University of Illinois animal biology professor Alison Bell, graduate student Syed Abbas Bukhari and their colleagues tracked changes in gene expression in the stickleback brain after the fish encountered an intruder.

“We are discovering that social interactions are extremely potent; they provoke big changes in gene expression in the brain,” said University of Illinois animal biology professor Alison Bell, who studies behavior in three-spined stickleback fish. “These very subtle social interactions are getting under the skin and becoming embedded in the brain. Studies like ours are beginning to show how that actually works.” Bell is a member of the IGB's Gene Networks in Neural & Developmental Plasticity research theme, which supported this research.

The observed changes included modifications to chromatin accessibility – a selective unpacking of the DNA that allows some genes, but not others, to be transcribed and translated into proteins.

“We used to think that DNA was so tightly packaged that it took a long time for that packaging to become unwrapped,” Bell said. “But our study shows that the unpackaging can happen fast – within minutes to hours – and we show that something really subtle, like a social interaction, can provoke dramatic changes in chromatin accessibility.”

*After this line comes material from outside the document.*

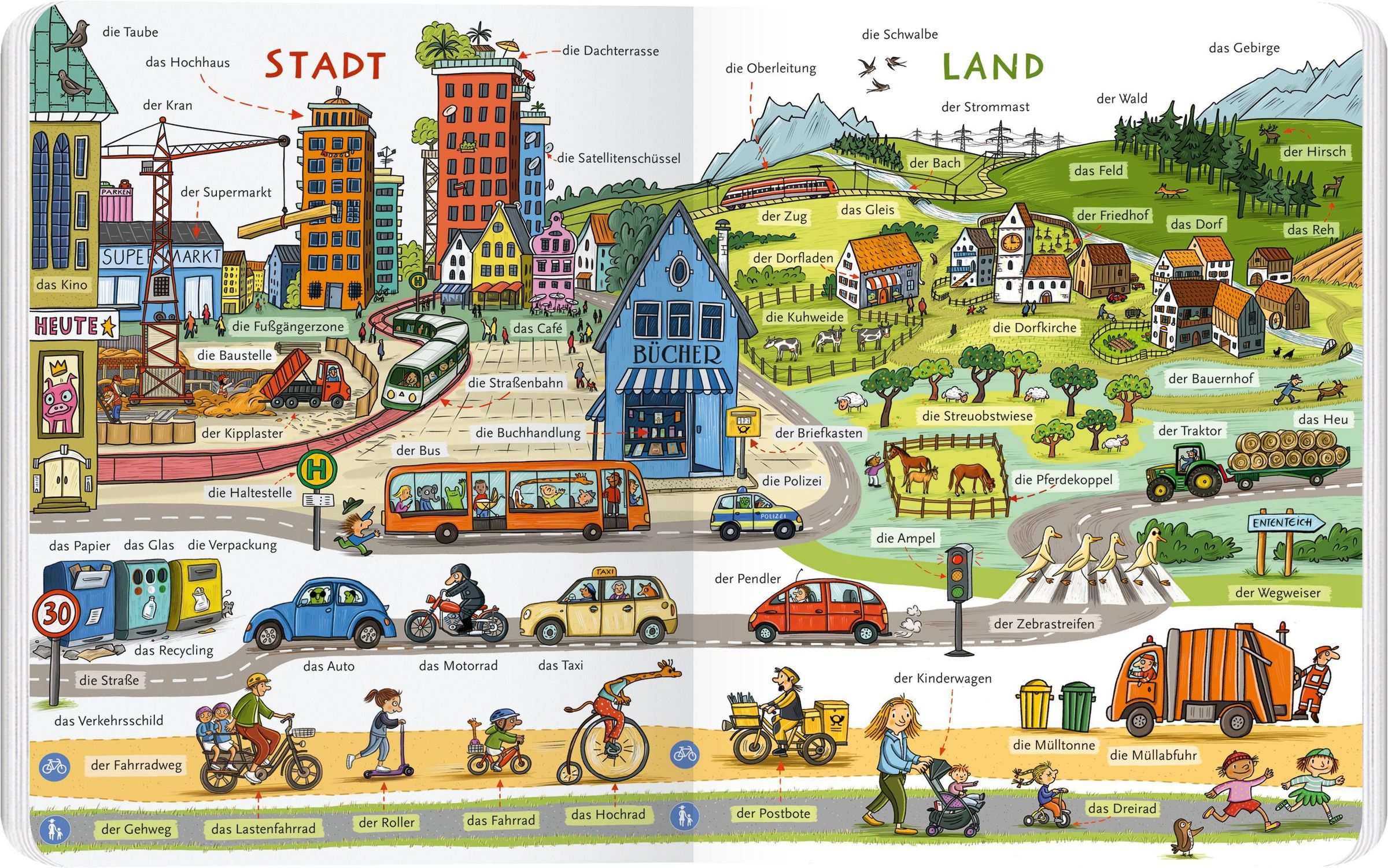 Menschen und Tiere, Stadt und Land, spielen, essen, sich bewegen ... all das und vieles mehr gibt es in diesem Bildwörterbuch zu entdecken! Die Welt ist voller Dinge und damit Wörter, die nur darauf warten, dass wir uns mit ihnen vertraut machen. Egal, ob als kleines Kind beim Spracherwerb oder wenn wir eine neue Sprache lernen. Kleine Szenen regen zum Entdecken, Benennen, Erzählen und Fantasieren an und laden dazu ein, miteinander ins Gespräche zu kommen. Ein Bildwörterbuch für alle!

Bell and her colleagues tracked changes in gene expression 30, 60 and 120 minutes after an encounter. They focused on two parts of the brain – the telencephalon, which is important to learning and memory; and the diencephalon, which integrates social information and hormonal influences.

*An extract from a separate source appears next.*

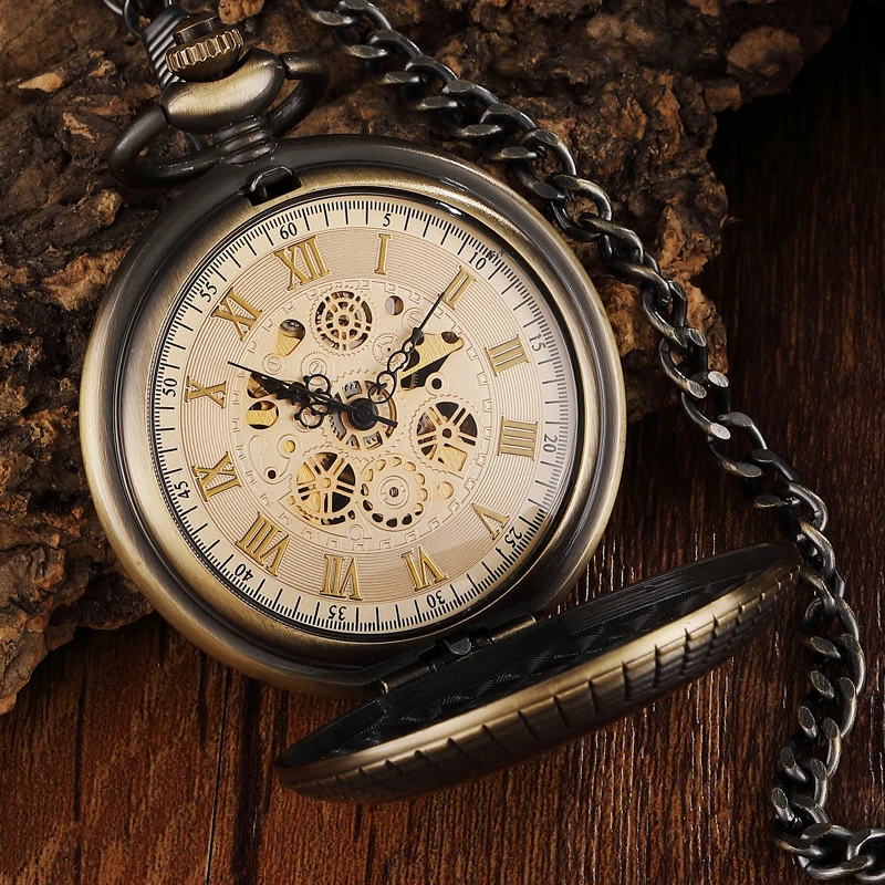Un élégant voyage dans le temps avec la montre de poche mécanique vintage bois bronze

“We compared experimental fish – those that had the encounter – with control fish, who remained alone in their tanks,” she said.

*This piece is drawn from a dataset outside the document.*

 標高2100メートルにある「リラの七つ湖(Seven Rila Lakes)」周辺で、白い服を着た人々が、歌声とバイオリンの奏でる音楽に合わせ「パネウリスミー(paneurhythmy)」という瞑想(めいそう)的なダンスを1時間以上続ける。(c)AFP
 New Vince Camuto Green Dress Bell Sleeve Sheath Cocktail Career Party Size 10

Hundreds of genes were expressed differently in the experimental and control fish. They also varied in the expression of numerous transcription factors, which regulate the activity of other genes.

The study measured changes in the expression of hundreds of genes in two brain regions in the fish: the telencephalon, which is important to learning and memory; and the diencephalon, which integrates social information and hormonal influences.
The study measured changes in the expression of hundreds of genes in two brain regions in the fish: the telencephalon, which is important to learning and memory; and the diencephalon, which integrates social information and hormonal influences.

Graduate Student Syed Abbas Bukhari, who is first author on the paper, led an analysis of the functions of groups of genes whose expression patterns paralleled one another at 30, 60 and 120 minutes.

“This revealed that the genes that change in tandem over time have similar functions,” Bell said. Such functional groups include genes that contribute to immunity, hormone activity, metabolism or homeostasis.

In the experimental fish, hormone gene expression was highest at 30 minutes, metabolism genes peaked at 60 minutes and genes linked to immune function and homeostasis were upregulated the most two hours after the encounter.

 “We’re seeing changes in gene expression even two hours after the fish interacts with an intruder. Clearly, those changes are not about the animal’s initial behavior,” Bell said. “We haven’t studied learning and memory, but we think that these chromatin modifications and changes in gene expression are all about setting up their brains to respond to threats in the future.”

Previous studies suggest that the fish are learning the limits of their territory, Bell said. “Their territory basically ends where they successfully chased away an intruder,” she said.

“Our findings made me feel very humble; I really did not appreciate how much is going on in these guys’ brains,” Bell said. “If you watch sticklebacks in natural populations, they’re constantly fighting with their neighbors. Our study just looked at what happened after a five-minute interaction, once. They’re doing this all day long, over and over again.”

The new results are part of a large-scale team science research project funded by the Simons Foundation through the IGB.